The answer seems to be: It depends.
Where 'Time Is Your Friend'
The current standoff is not good news for workers at the plant. Every additional day of the crisis means more exposure to potentially harmful radiation.
But for those living farther from the plant who have been worried about a large-scale explosion or release of radiation from its reactors, the picture is brighter.
"In the case of the reactors, time is your friend," says Kenneth Bergeron, a physicist who carried out simulations of nuclear accidents while working at Sandia National Laboratories.
According to many experts, the danger posed by the plant's operating reactors was greatest in the early days of the accident, when fuel rods inside those reactors, which had been operating at full power until the earthquake, were releasing tremendous amounts of heat.

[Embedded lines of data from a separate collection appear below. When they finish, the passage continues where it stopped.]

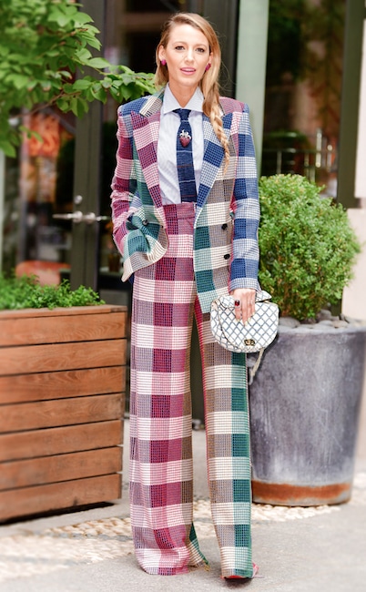 The Hollywood star has been out more than usual, promoting her new movie, A Simple Favor. And, her promo tour wardrobe is insanely amazing. Since Friday, she’s been spotted in six suits of various fits, colors and patterns. Each one was standout in its own right, but worn back-to-back, these looks created a fall wardrobe that’s well-suited for the fashion obsessed.
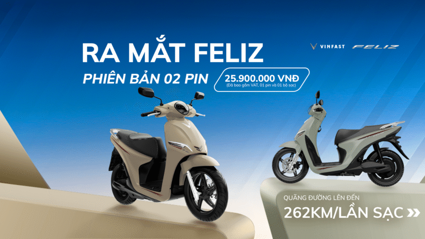 Ngày 10/09/2025, VinFast công bố ra mắt 3 mẫu xe máy điện mới gồm Vero X, Feliz và Feliz Lite với thiết kế hỗ trợ hai pin, trong đó một pin có thể tháo rời, giúp tăng quãng đường di chuyển và nâng cao sự tiện lợi, linh hoạt cho người sử dụng. Cùng với…
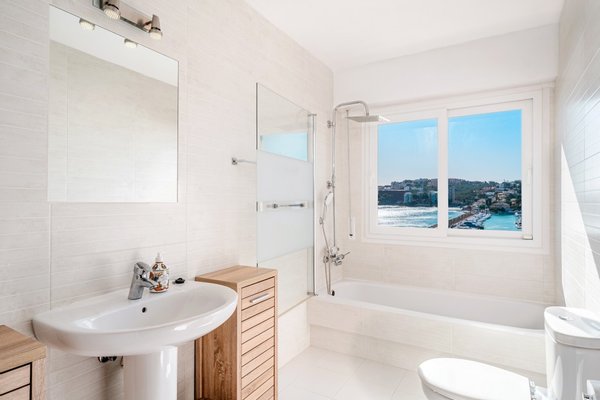 Die Master-Suite bietet einen atemberaubenden Blick auf die Bucht und verfügt über ein großzügiges Bad. Drei weitere Doppelzimmer bieten reichlich Platz für Familie und Gäste, ergänzt durch ein Familienbadezimmer und ein Duschbad. Mit zwei separaten Eingangstüren bietet die Wohnung Flexibilität für Gäste, Personalunterkünfte oder eine mögliche Unterteilung.

With electrical power gone and backup generators damaged, workers scrambled frantically to get water into those reactors to cool the fuel. Those efforts were only partially successful, and they failed completely for a time in reactor No. 2. The result was damaged fuel and a hydrogen explosion inside reactor No. 2's concrete-and steel containment structure. The explosion appears to have cracked that "primary containment" — the first time in history that this has occurred at a commercial nuclear power plant. There is some evidence that the primary containment structure was breached at reactor No. 3 as well.
Since then, however, the danger of further damage has receded, because the fuel inside those reactors is releasing less heat by the day. Engineers at the plant are maintaining at least some water in each of the reactors.
Instead, worries are now focused on the pools where so-called spent fuel is stored. These storage tanks, built like deep swimming pools, are located inside each reactor building — but outside the protective containment structure.
'A Litany Of Things' Posing Risk
Since the used fuel remains hot and radioactive for years, it is supposed to be submerged deep in water. For reasons that remain unclear, much of that water — perhaps all of it — has disappeared from these pools. U.S. officials have stated flatly that water is completely gone from at least one of them, at reactor No. 4.
If that's the case, it's very good news that nothing more catastrophic has occurred. According to Robert Alvarez, a former official at the Department of Energy who has been warning about the dangers of spent fuel for many years, if this fuel loses all cooling, it will heat up rapidly. Alvarez is currently a senior scholar at the Institute for Policy Studies in Washington, D.C.
Within a few hours, he says, the fuel is likely to reach a temperature at which the fuel will start to self-destruct. It could melt, or the metal covering of the rods, made of the metal zirconium, could actually start to burn. In either case, radioactive elements trapped inside the fuel could be released and spread more widely. A fire, in particular, would send a host of radioactive particles into the air.
"Cesium would be the worst, but there's an awful lot of radioisotopes that would follow along," says David Lochbaum, a nuclear safety specialist at the Union of Concerned Scientists. "There's just a whole litany of things that are in that spent fuel that are posing the risk."
Yet this predicted scenario has not occurred at the Japanese plant, at least on any large scale. Why not? Perhaps the building itself is absorbing enough of the heat to prevent it. If that's that case, then perhaps the pools are relatively stable for now. Or maybe there really is some water left in the fuel ponds, still cooling the fuel. In that case, it really is a race against time to replenish that water and keep the fuel from catastrophically overheating.